Answer: Apple’s organizational structure is effective in supporting business performance to ensure


leadership in the industry, especially with regard to competing against Google, Microsoft, IBM, Intel,
Amazon.com, Sony, PayPal, and many other firms. The Porter’s Five Forces analysis of Apple Inc.
determines that these competitors impose the strong force of competitive rivalry in the company’s
external environment. Still, through the effective use and evolution of its corporate structure, Apple
continues to improve its capabilities and competitive advantages, especially in the area of rapid and
creative innovation and product design for competitive products in the international market.

2. What do you think is different about the way Apple is organized compared to most high-tech firms?

Answer: Steve Jobs helped build a culture where all products were created with thought leadership in
mind. The leaders at Apple have always thought out of the box and tried to stay ahead of the market
whether it was Touch ID or wireless air pods, Apple has always been at the forefront of innovation and
creation new products. The way Apple is managed is an important feature that has helped Apple to sets
itself on top of its competitors. The manner in which the organization is run and controlled is so unique.
It has one chief executive board that operates together flawlessly to design brands and make verdicts on
how the corporation moves forward.

3. What is apple trying to achieve with its current organizational architecture? What are the strengths of
this architecture? What are the potential weaknesses?

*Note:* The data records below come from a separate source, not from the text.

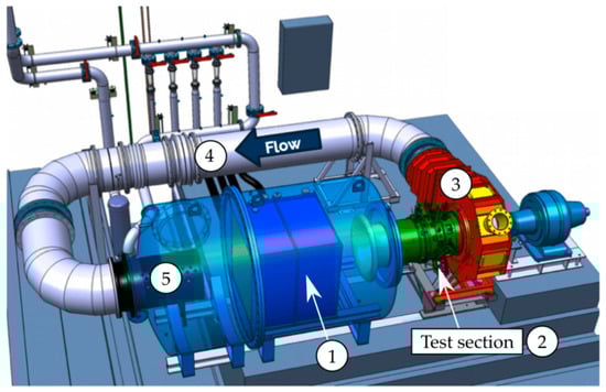 The DREAM compressor stage is installed in the von Karman Institute high-speed compressor test rig R4 (Figure 2). This facility consists of (1) a tank, (2) the compressor test article, (3) a discharge collector, (4) a return duct to drive the air back to the reservoir, and (5) a throttling valve for precise adjustment of the compressor operating point. The rotor is driven by a 700 kW DC motor whose rotational speed can be controlled continuously. The closed-loop configuration allows the pressure adjustment within 0.3 and 3 bars, while the heat exchanger located in the settling chamber regulates the total temperature at the test section inlet with an accuracy of ±1 °C. Such operation of the facility enables an independent variation in Reynolds and Mach numbers to accurately replicate specific aircraft flight conditions, such as cruise (CR) or take-off (TO).
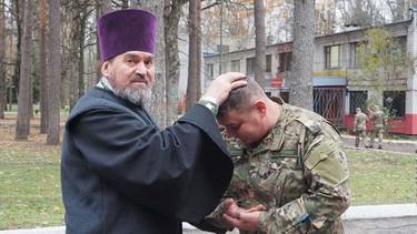 Командир взвода добровольческого отряда «БАРС-Брянск» и батальонный священник Александр Беликов благословляет одного из военнослужащих перед очередным боевым заданием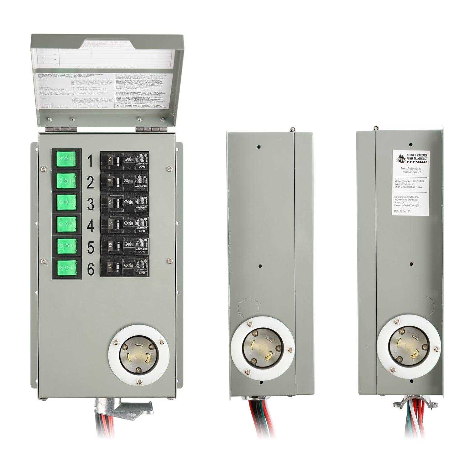 Incorporate the Indoor Elite Power Transfer Switch Kit from Nature’s Generator in your home to keep all of your critical items going in case of power loss. This 6-circuit, 30 Amp manual transfer switch is designed for fast installation (indoors) in a home, office, or small business. It is completely pre-wired and enables the electrical system of the building to accept the power of a portable generator to run up to six single-pole circuits and any pair of single-pole circuits can be used as a double-pole circuit. It allows you to power electrical appliances, devices, and lighting during a power outage. This transfer switch completely codes compliant and keeps the generator power isolated from the utility power at all times. Circuit breakers are 1-inch interchangeable and can be changed to different sizes and brands that are compatible and within the maximum circuit size ratings. This Indoor Elite Power Transfer Switch Kit from Nature’s Generator is the perfect addition to your house for all your power generating needs.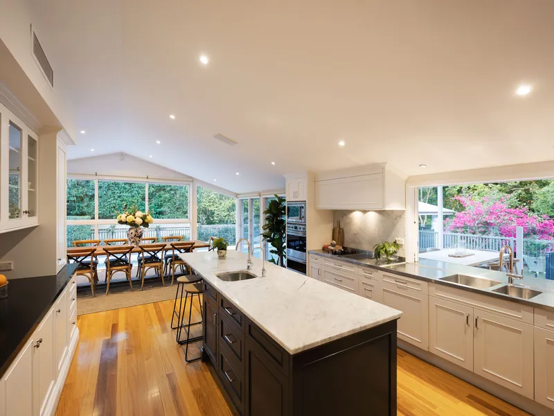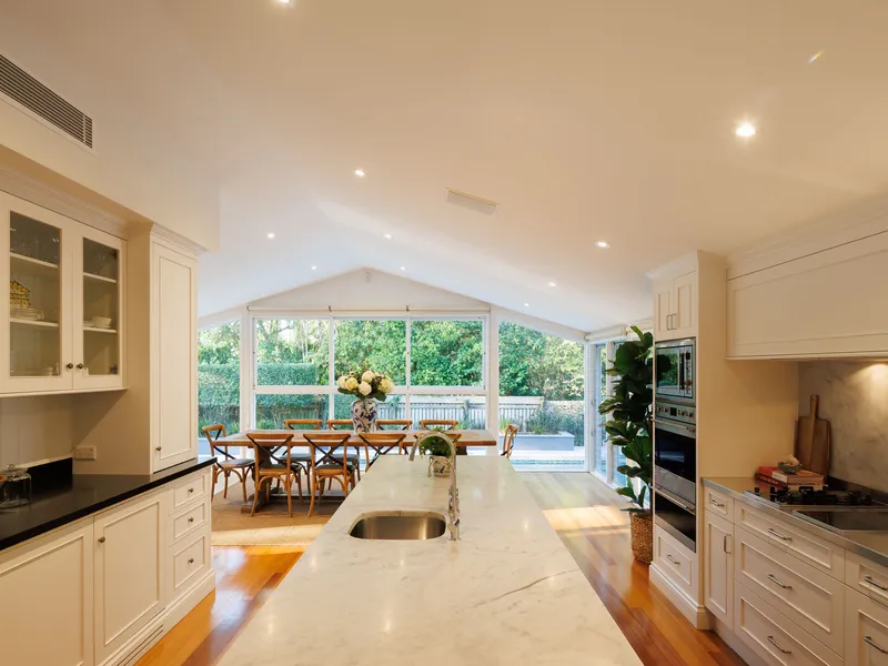 • Traditionally styled Wyre + Craw kitchen with marble benchtops and European appliances

Answer: Organization Design is a formal, guided process for integrating the people, information and
technology of an organization. The organization designs matches people, technology, vision and strategy
to achieve the company’s goal and its focus to accomplish desired outcomes. Apple collaborative
structure is a key part of how the organization is designed. The collaboration of members of the
company helps determines what best design and strategy needs to be elaborated to achieve the goals,
reach more customers and increase profits. Their collaboration structure allows apple to match people,
information and the technology that customers are seeking. Overall Apple is a very successful company
globally. It has had major success since founded in 1984 and every day it expands more worldwide.

4. Are there changes that you think apple should make in its organizational architecture? What are these
changes? How might they benefit apple?

Answer: Moving away from pure functional organization would, obviously, carry some real costs. In the
past, functional structure has allowed Apple to retain much of the nimbleness of a startup. The iPod was
originally launched as a Mac accessory, but Steve Jobs rapidly changed course and made it a cross-
platform hit — a feat that was much easier to pull off because there was no “Mac division” to wage
bureaucratic warfare against the idea. Launching new products like the iPhone and iPad without fear of
cannibalizing resources or market share has helped Apple stay ahead of the curve, while the more
divisional Microsoft was never able to plunge headfirst into mobile. But Apple’s market exits are a clear
sign of severe growing pains inside the existing structure. Apple is already huge, but it wants to be
bigger. To get there, it may need to finally start acting like a big company.

Summary: The giant tech company Apple hold the craze among people with their best organizational
function and operation. They are very confident on their strategies otherwise that can’t be the leading
company in this present year. Apart from that they took different strategies like outsource the
production and many more but they really maintain their strategic plan on point.